自分の好きな娯楽で、たとえば、萩尾望都さんの「11人いる」なんて取材ではなく想像、宮﨑駿監督も、想像。

でも、制作サイドが年齢を気にされるのなら仕方ないことなのかもしれません。

今はただただ迷走中です。

なかなかノーチャンスの現実を受け止めるのには、時間がかかる。
そういう節目の年齢を迎えたというか、ここにきて初めて気が付いたのかもしれません。
そういう意味では14歳の受賞は印籠を渡すには十分だったのかな。

でも、やはり、本や映画、ドラマを、役者の年齢は気になるかもしれませんが、台本を中身を誰が作って、その人の年齢が気になるという経験がまったくなかったので・・・

どうしても、引っかかってしまうところなのかな。

でも、制作サイドが作る人の年齢を気にするのなら、仕方ないこと。

ありがとうございます。
Unknown (Unknown)
2019-03-09 21:20:40
お返事ありがとうございます。

確かに、視聴者側は作家の年齢を気にすることはありませんが、オファーサイドからすれば仕事がしやすい、若い感性を持っているという点でどうしても年齢の低い作家に依頼することが多いというのが現状です。

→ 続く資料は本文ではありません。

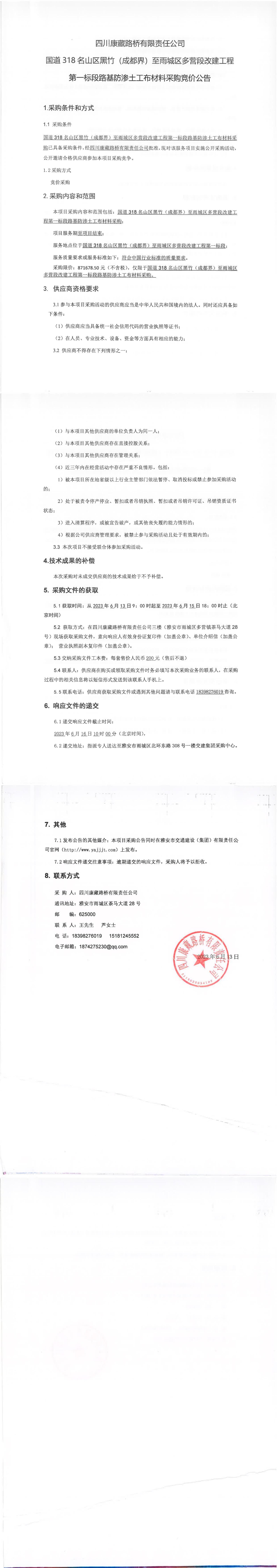 四川康藏路橋有限責(zé)任公司國道318名山區(qū)黑竹(成都界)至雨城區(qū)多營段改建工程第一標(biāo)段路基防滲土工布材料采購競價(jià)公告

私がこの書き込みでお伝えしたかったのは、取材力の素晴らしさです。
例えばみや文明さんは20年以上コンクールに応募しているとのことですが、その内の3年でも警察や法律について勉強・取材していれば、警察物なら誰にも負けないというレベルの知識を身につけることは出来たと思います。

実際、現在お仕事をさせて頂いている作家の方も、素人時代から軽いフットワークで取材交渉をし、プロにも負けないような専門性を持っている方も少なくはありません。
そうした土台があってから、自分の書きたい世界を書いている方が多いので、最短コースとして取材力やその努力の必要性を書かせて頂きました。

想像力だけで書けるというのは、「想像力だけで書ける」という強みでは無く「想像力だけで書いてしまう」という弱点にもなりえます。

再度の書き込み失礼します。お返事は結構なので、創作活動を応援しております。